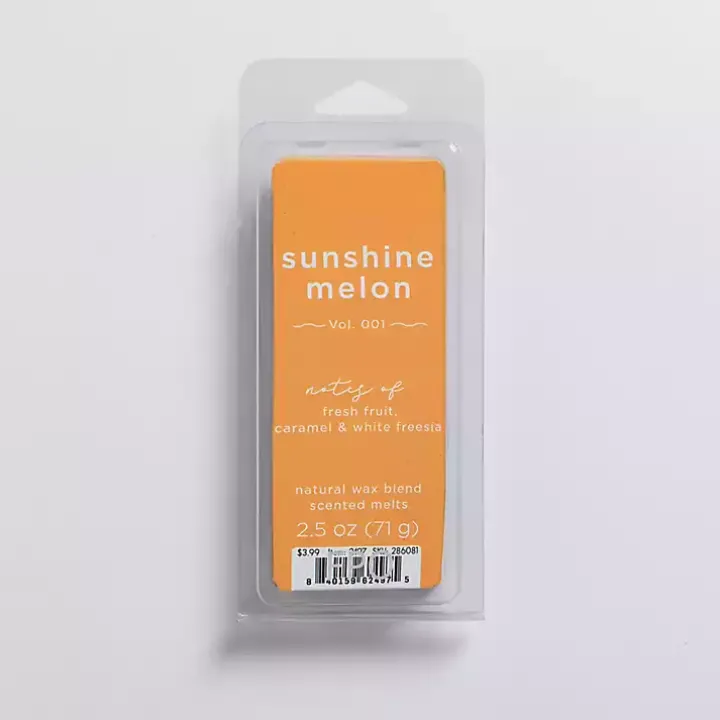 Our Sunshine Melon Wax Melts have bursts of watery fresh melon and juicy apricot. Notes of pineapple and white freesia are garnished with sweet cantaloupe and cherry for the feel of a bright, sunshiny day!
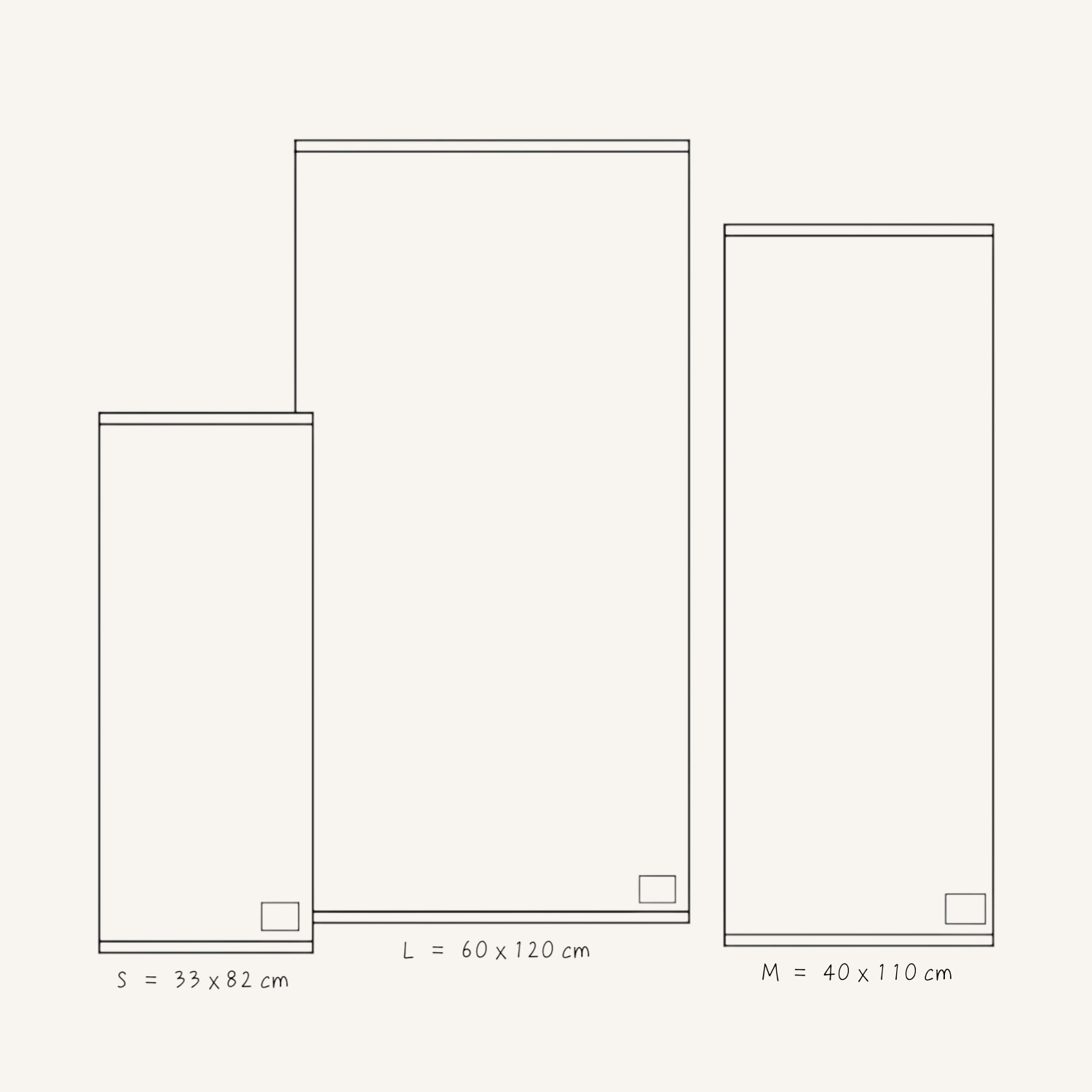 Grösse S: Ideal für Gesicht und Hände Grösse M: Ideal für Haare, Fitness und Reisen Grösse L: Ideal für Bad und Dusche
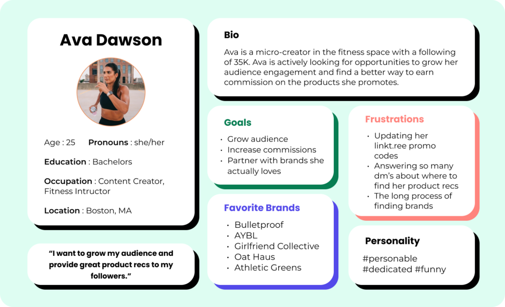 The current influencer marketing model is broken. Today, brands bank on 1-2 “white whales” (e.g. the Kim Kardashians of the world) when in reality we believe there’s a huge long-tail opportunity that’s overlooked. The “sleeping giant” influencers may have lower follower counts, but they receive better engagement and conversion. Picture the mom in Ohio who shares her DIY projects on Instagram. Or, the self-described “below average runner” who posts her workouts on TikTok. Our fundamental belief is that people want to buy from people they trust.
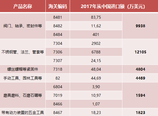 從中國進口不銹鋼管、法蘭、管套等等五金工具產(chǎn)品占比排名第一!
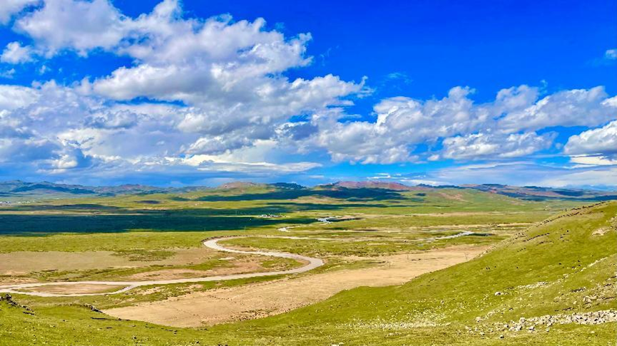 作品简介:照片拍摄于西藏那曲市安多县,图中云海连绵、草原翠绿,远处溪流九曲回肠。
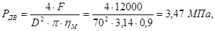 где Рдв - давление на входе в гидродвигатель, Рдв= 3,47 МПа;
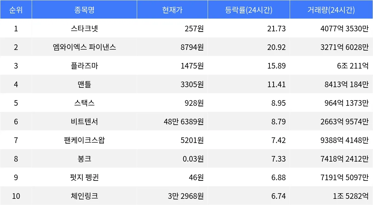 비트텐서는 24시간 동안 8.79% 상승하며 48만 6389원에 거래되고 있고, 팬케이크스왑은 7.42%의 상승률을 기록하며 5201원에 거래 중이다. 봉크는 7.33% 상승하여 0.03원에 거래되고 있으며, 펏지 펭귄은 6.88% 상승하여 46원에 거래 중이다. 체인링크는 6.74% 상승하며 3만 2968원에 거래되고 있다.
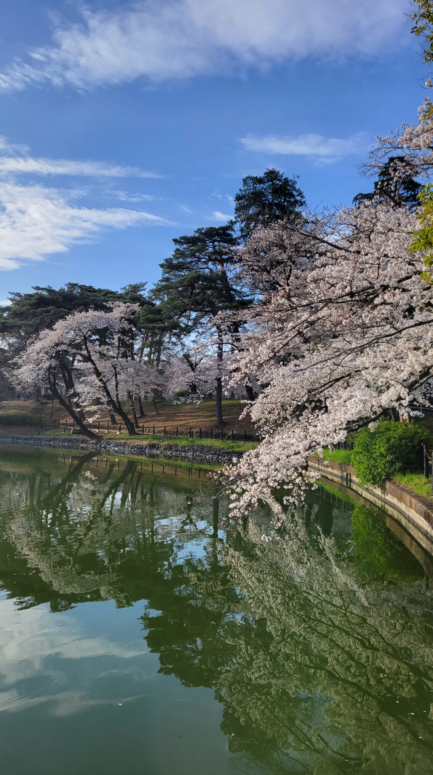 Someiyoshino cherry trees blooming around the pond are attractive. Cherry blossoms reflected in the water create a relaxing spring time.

### [Work required]
Reproduce exactly the lines of the entries above from the first through the line with "Grösse S: Ideal", both included; pictures should not be reproduced.

### [Final answer]
 Our Sunshine Melon Wax Melts have bursts of watery fresh melon and juicy apricot. Notes of pineapple and white freesia are garnished with sweet cantaloupe and cherry for the feel of a bright, sunshiny day!
 Grösse S: Ideal für Gesicht und Hände Grösse M: Ideal für Haare, Fitness und Reisen Grösse L: Ideal für Bad und Dusche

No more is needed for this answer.